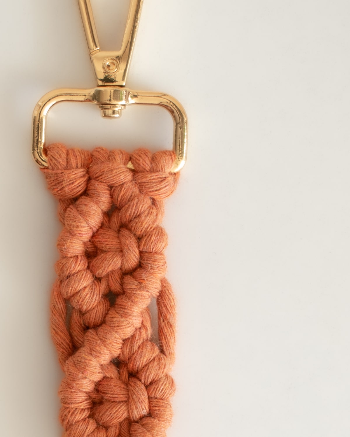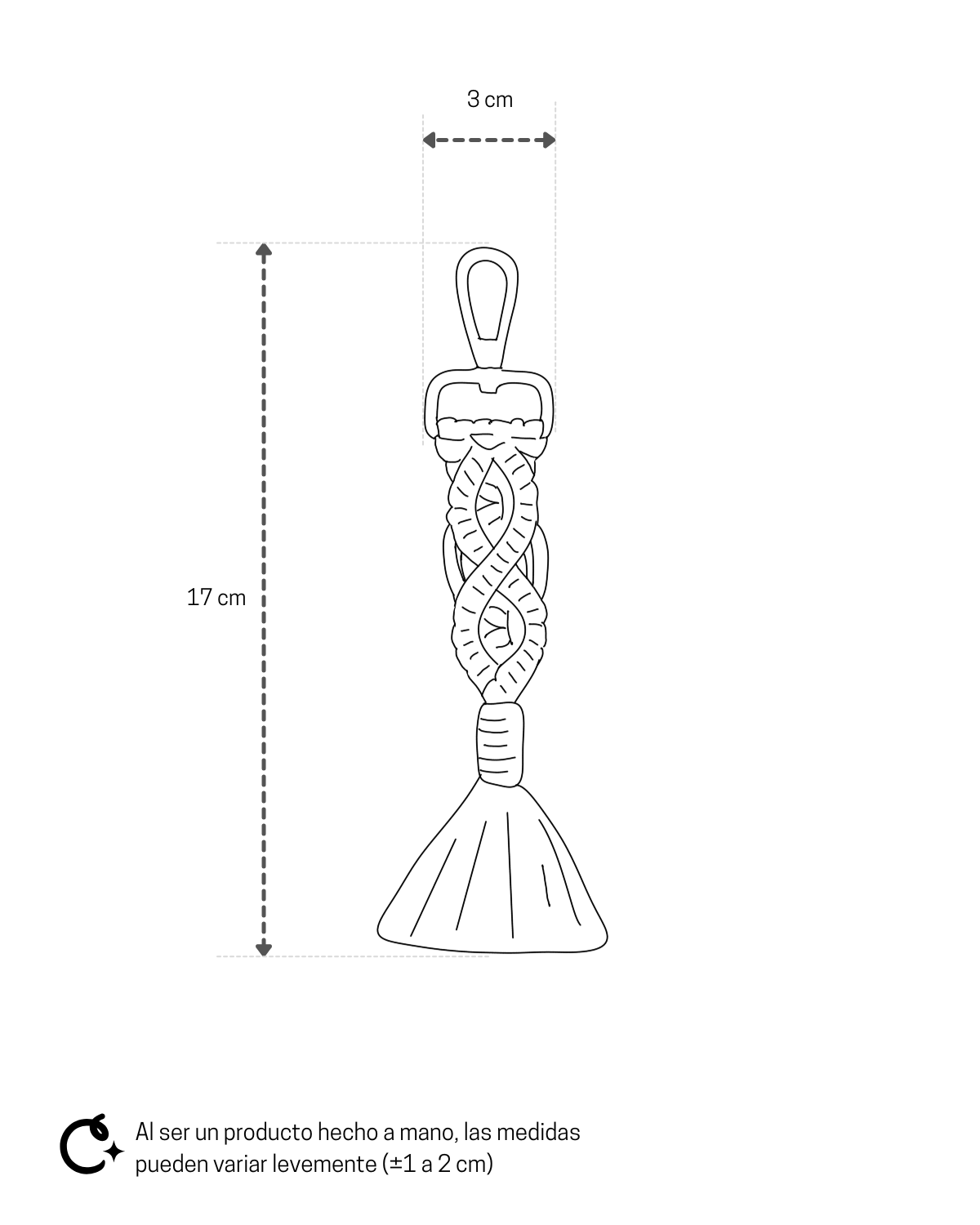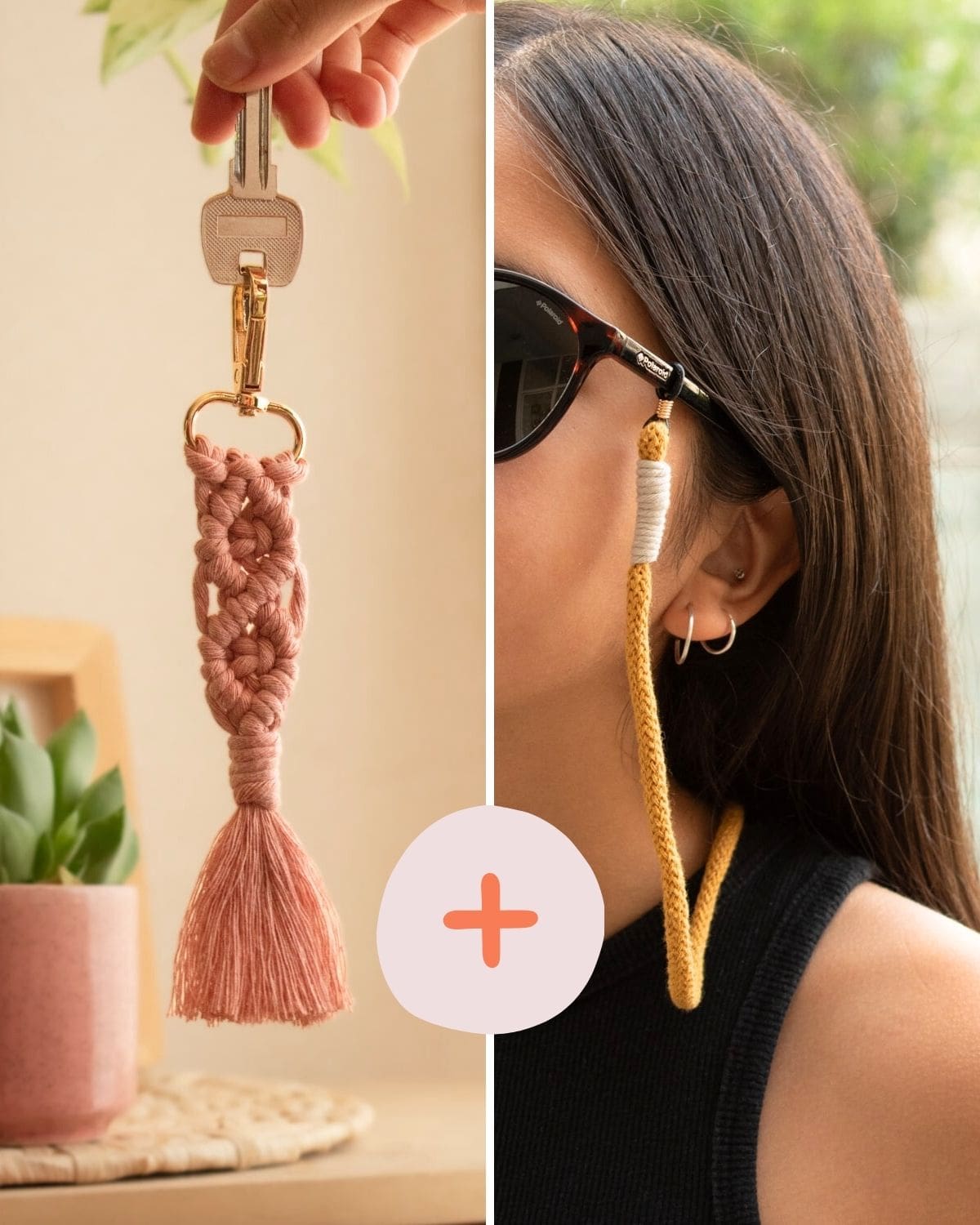 El llavero de macramé tiene un diseño de rombos anudados con un toque boho chic que combina fácil con distintos estilos. El strap de lentes es suave, liviano y ajustable, pensado para tener los lentes siempre a mano y evitar que se caigan al agacharse.
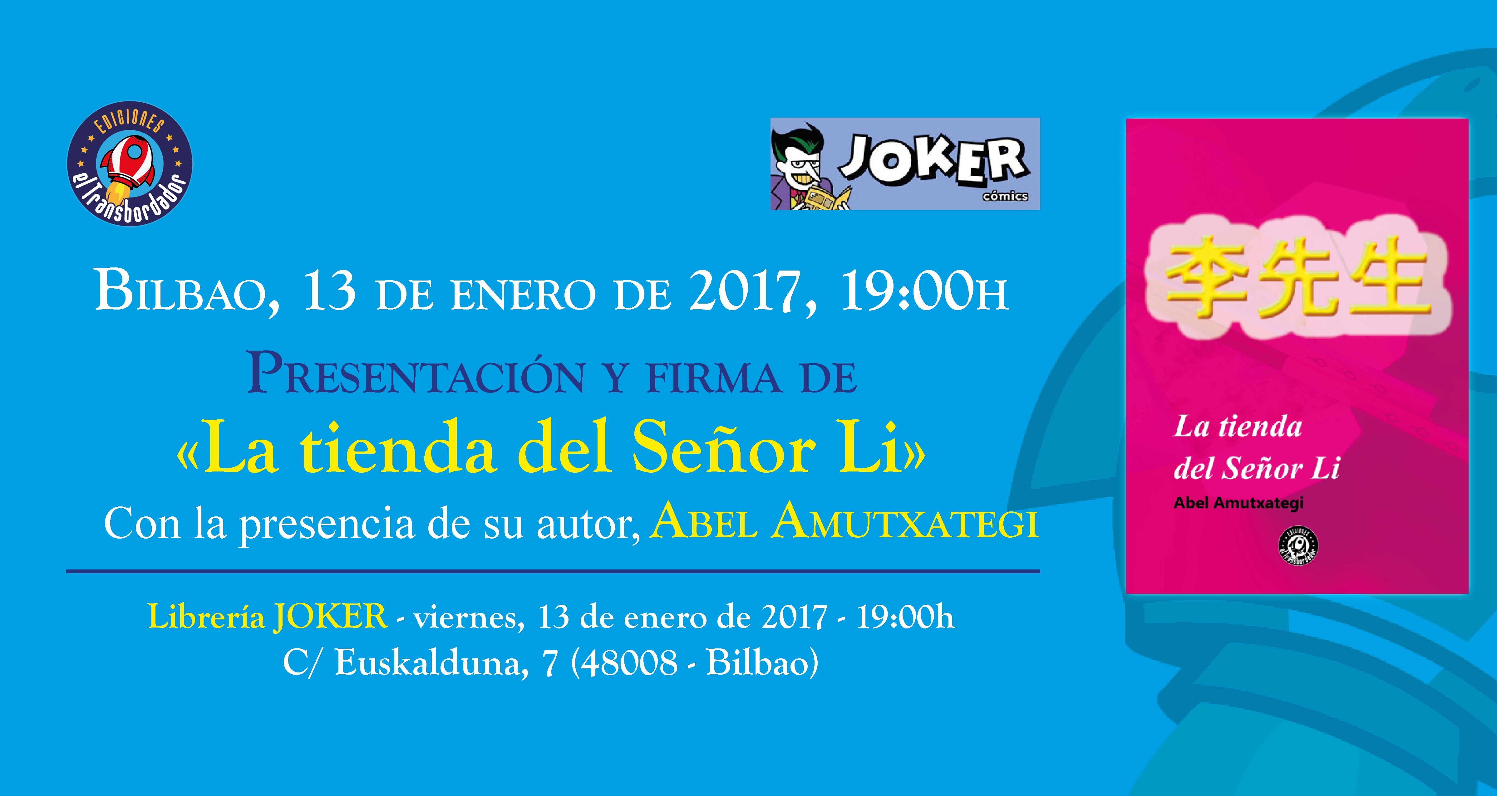 El próximo viernes, Abel Amutxategi inaugura la nueva temporada de presentaciones de la librería Joker de Bilbao a partir de las 19:00 h. con La tienda del Señor Li. La novela ha sido publicada por Ediciones el Transbordador y es una aventura divertida y delirante en la que el autor reflexiona sobre la importancia de la palabra.
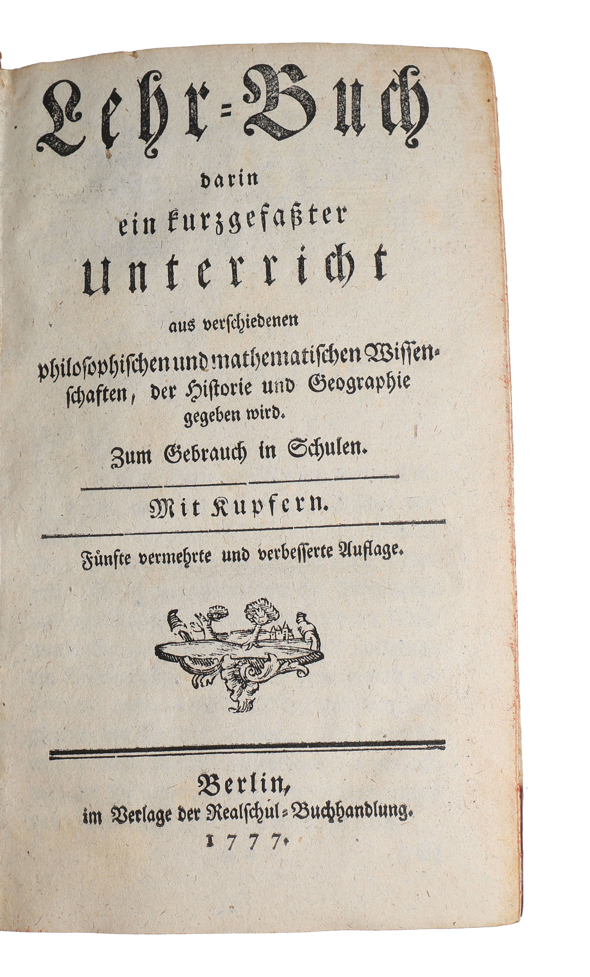 Lehr-buch, darin ein kurzgefasster unterricht aus verschiedenen philosophischen und mathematischen wissenschaften, der historie und geographie gegeben wird Zum gebrauch in schulen. Fünfte vermehrte und verbesserte Auflage.

What the exercise asks:
Output a verbatim copy of the lines from the line containing "El próximo viernes, Abel" through the end of the data, both included, without any images.

Task answer:
 El próximo viernes, Abel Amutxategi inaugura la nueva temporada de presentaciones de la librería Joker de Bilbao a partir de las 19:00 h. con La tienda del Señor Li. La novela ha sido publicada por Ediciones el Transbordador y es una aventura divertida y delirante en la que el autor reflexiona sobre la importancia de la palabra.
 Lehr-buch, darin ein kurzgefasster unterricht aus verschiedenen philosophischen und mathematischen wissenschaften, der historie und geographie gegeben wird Zum gebrauch in schulen. Fünfte vermehrte und verbesserte Auflage.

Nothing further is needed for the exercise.